Philadelphia-born Joseph Pennell, spent the first two decades of his career abroad, living primarily in London, where he became a close associate of Whistler. Here, he represents the main facade of Rouen's medieval cathedral, in northern France, a scaffolding erected at one end and figures walking on the plaza. The artist printed about ninety proofs.
Like his friend and mentor, James Abbott McNeill Whistler, Pennell trimmed the margins on this work and left a tab at the bottom with his pencil signature.
Joseph Pennell was born on July 4, 1857, Independence Day, in Philadelphia to Quaker parents. He studied at the Pennsylvania Academy of Fine Arts and the Pennsylvania School of Industrial Art. A lithographer, etcher, author, educator, lecturer, and illustrator, Pennell is considered by many to be the dean of American printmaking.
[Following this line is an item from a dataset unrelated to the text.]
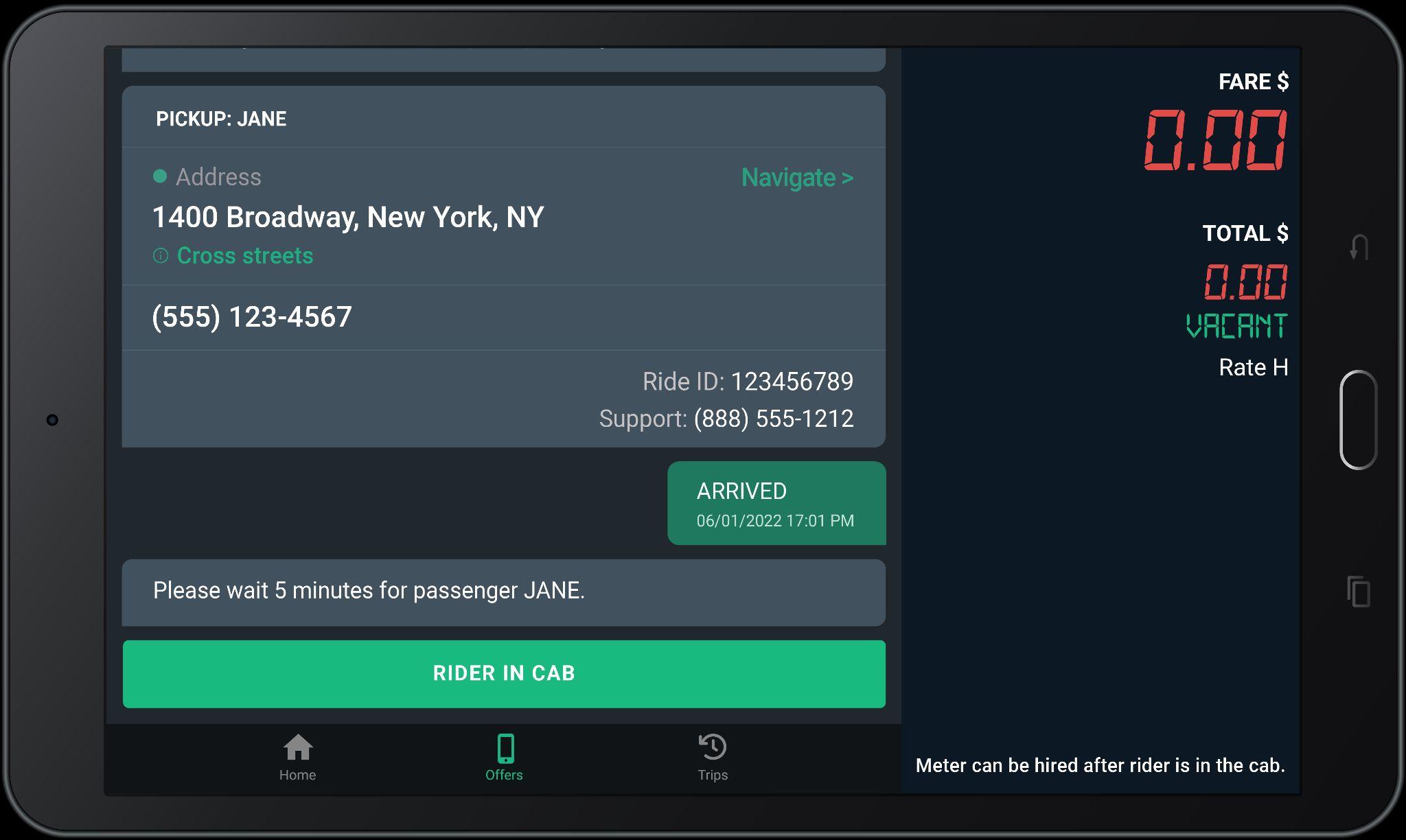If your meter is vacant, you are able to receive e-hail trip offers while on this screen.

By 1882 he was illustrating for Scribner's Magazine and The Century and received a commission for illustrating a book on Tuscany. In 1884 he traveled to Europe and settled in London. He produced numerous books, both as an author and as an illustrator, many of them in collaboration with his wife, author Elizabeth Robins Pennell. In London his friends included many of the most notable creative figures of the day, including the writers George Bernard Shaw and Robert Louis Stevenson and the painters John Singer Sargent and James McNeill Whistler. His close acquaintance with Whistler led the Pennells to undertake a biography of that artist in 1906, and, after some litigation with Whistler's executrix for the right to use his letters, the book was published in 1908.
In 1912 Pennell left London for Panama where he created a series of lithographs rendering the building of the Panama Canal. He voyaged via steamer along the Pacific Coast to San Francisco where he created numerous etchings of San Francisco from Chinatown to the Cliff House. While in San Francisco he influenced the founding of the California Society of Etchers.
In 1915, Pennell chaired the group Jury for Etchings and Engravings of the Panama-Pacific International Exposition where over 2200 prints were exhibited and an entire gallery was devoted to his work. Pennell was a member of numerous organizations, including the Society of Painter-Etchers in London and first president of the Senefelder Club. His tutelage of artists and scholars continue with his Etchers and Etching and Lithography and Lithographers and his bequeath of his collection of prints and drawings to the Library of Congress.
During his lifetime Pennell produced more than 900 etchings and mezzotints and more than 600 lithographs on architectural and landscape subjects ranging from the Panama Canal and Yosemite National Park to the factories of England and the temples of Greece. Pennell distinguished himself not only as one of America’s most talented etchers but also as a promotional genius who helped to spur the revival of printnmaking and print collecting during the first two decades of the 20th century.